■ **Work required**
From the line that contains "Socata TBM 700, 850" down to the last line of the data below, restate every line word for word, skipping any images.

= = =

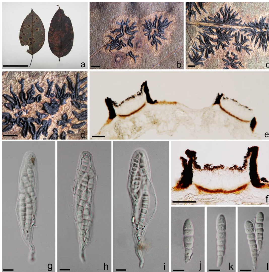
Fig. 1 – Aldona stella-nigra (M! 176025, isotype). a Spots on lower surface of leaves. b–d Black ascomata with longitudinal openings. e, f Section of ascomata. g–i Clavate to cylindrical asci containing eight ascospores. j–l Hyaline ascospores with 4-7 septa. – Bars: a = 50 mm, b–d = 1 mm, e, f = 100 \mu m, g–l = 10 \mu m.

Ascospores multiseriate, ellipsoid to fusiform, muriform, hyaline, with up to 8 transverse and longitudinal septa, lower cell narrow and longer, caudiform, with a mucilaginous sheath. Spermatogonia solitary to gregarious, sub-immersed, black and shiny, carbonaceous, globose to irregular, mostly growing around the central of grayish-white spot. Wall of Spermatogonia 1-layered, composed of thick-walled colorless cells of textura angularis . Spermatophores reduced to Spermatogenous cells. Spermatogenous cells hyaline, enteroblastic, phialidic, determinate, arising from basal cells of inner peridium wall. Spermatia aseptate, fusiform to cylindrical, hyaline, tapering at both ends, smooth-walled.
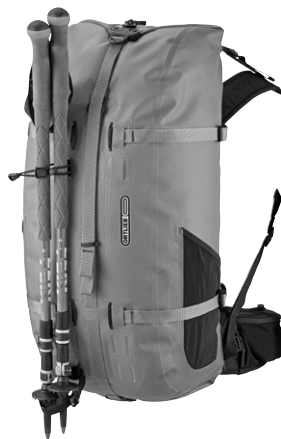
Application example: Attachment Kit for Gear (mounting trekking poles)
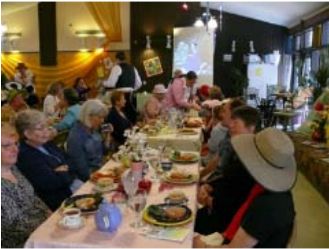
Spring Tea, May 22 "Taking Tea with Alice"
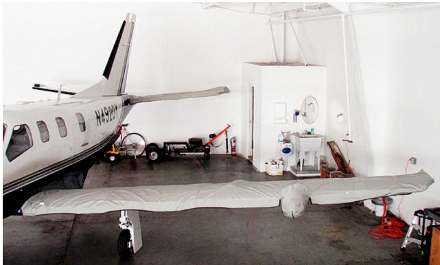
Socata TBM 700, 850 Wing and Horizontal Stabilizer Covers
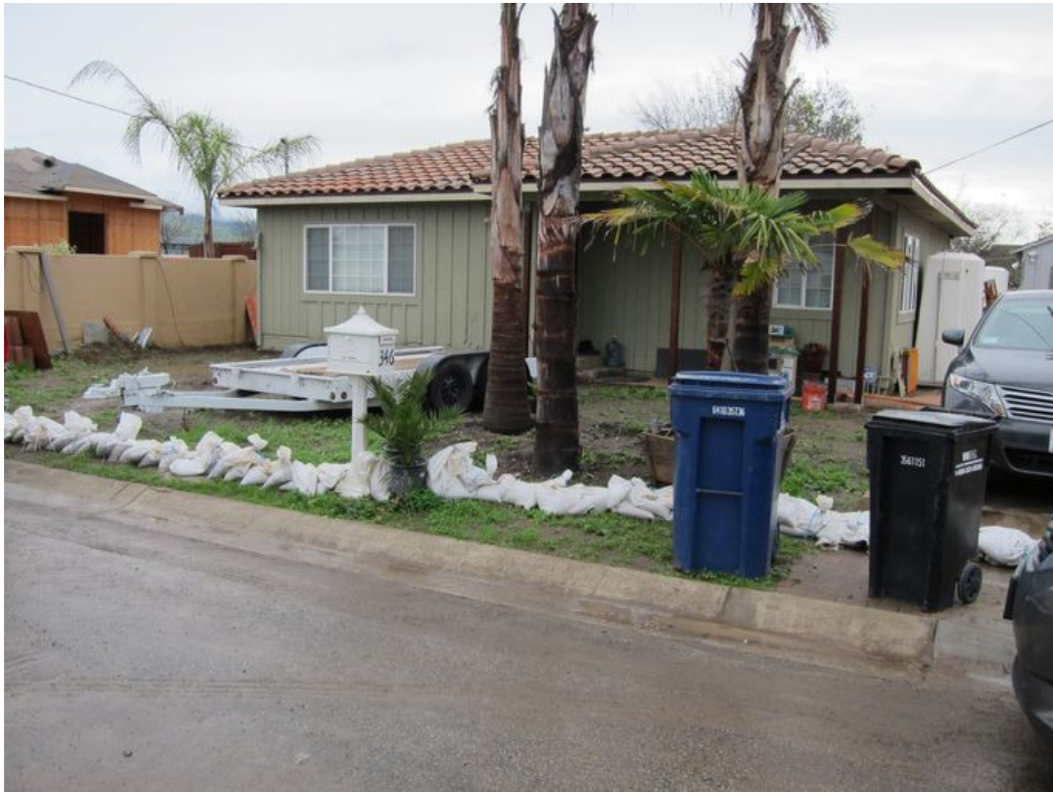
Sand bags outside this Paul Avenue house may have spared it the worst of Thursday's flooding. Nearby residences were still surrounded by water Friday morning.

= = =

■ **Response for this exercise**
Socata TBM 700, 850 Wing and Horizontal Stabilizer Covers
Sand bags outside this Paul Avenue house may have spared it the worst of Thursday's flooding. Nearby residences were still surrounded by water Friday morning.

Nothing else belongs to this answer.